The following year, Staten Island-based capodecina Thomas DiBella was placed in control of crime family operations. Under DiBella’s watch an agreement was finally reached in the long struggle with the Gallo gang. Albert Gallo, the last surving Gallo brother, and other members of the group (including Frank “Punchy” Illiano) were permitted to leave the Colombo Crime Family and join with the Genovese organization.

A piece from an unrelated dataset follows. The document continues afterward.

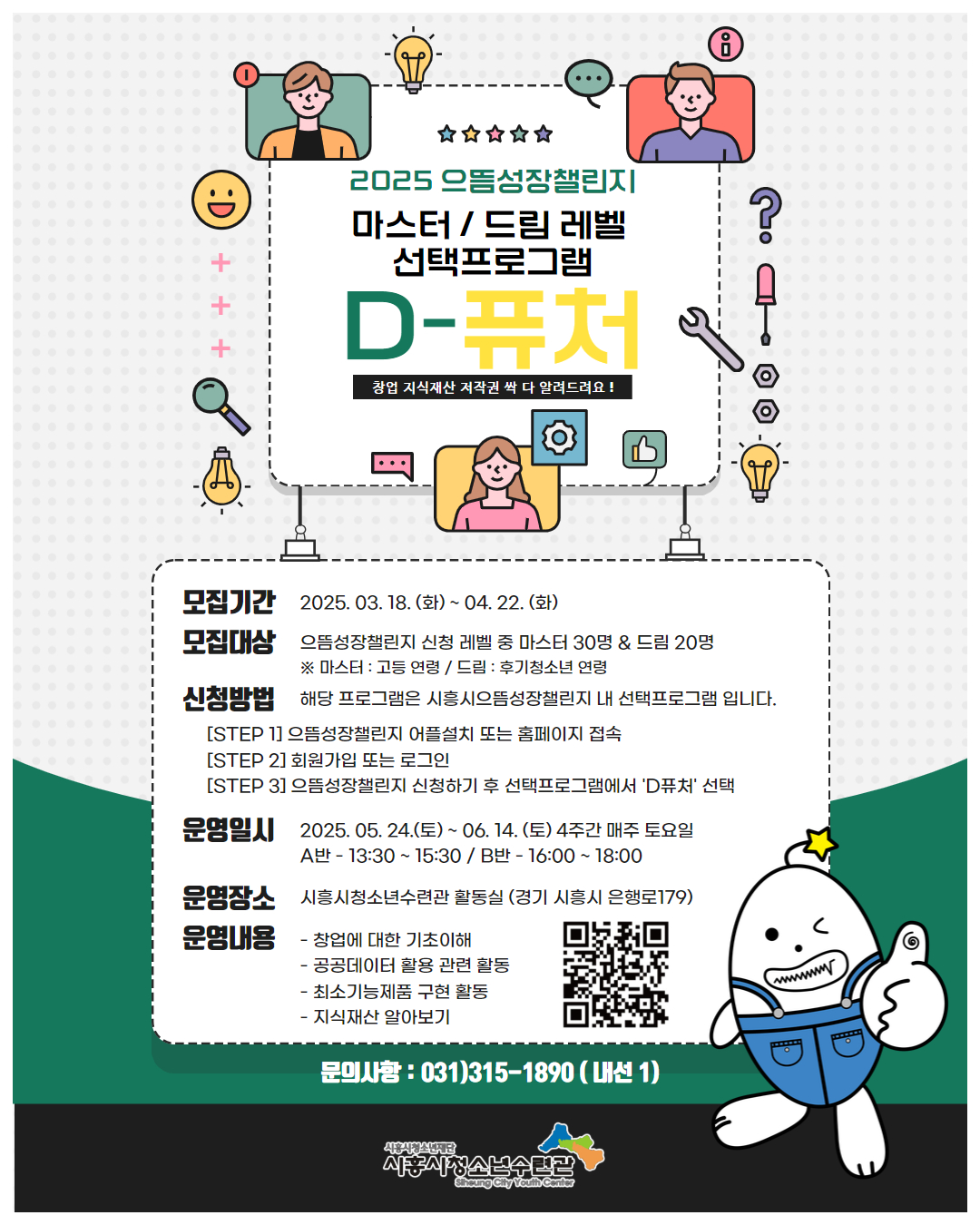 문의사항: 031)315-1890 (내선1) 청소년활동사업팀

In the mid-1970s, federal investigators learned that Abbatemarco was serving as the Colombo Crime Family underboss. In the fall of 1976, several crime family lieutenants approached him and Yaccovelli, then reportedly consigliere, to complain about the Persico-favoritism demonstrated by DiBella. New York crime families had agreed to “open the books” and induct new members in 1976, and DiBella reportedly gave 15 of the crime family’s 33 approved new membership slots to the Persico faction, splitting the remainder among the other crime family crews. Reports indicate that Abbatemarco and Yaccovelli took the complaints to the Mafia leadership Commission, asking that DiBella be removed. The request was denied.This amounted to a dangerous break between the Abbatemarco faction and DiBella. A meeting was called to resolve the dispute in May 1977. Abbatemarco and Yacovelli kept a safe distance. But ally Salvatore Albanese, a tough enforcer for the faction, attended a dinner sit-down with Persico and DiBella-aligned mobsters. Albanese was not seen after the dinner.
Abbatemarco reportedly went into hiding in upstate New York, turning operation of his gambling empire over to subordinates, and Yacovelli stopped following his normal daily routines.
While removed from the day-to-day activities of the crime family, Abbatemarco lived long enough to see the Persico faction split into two warring factions. He died in the summer of 2005.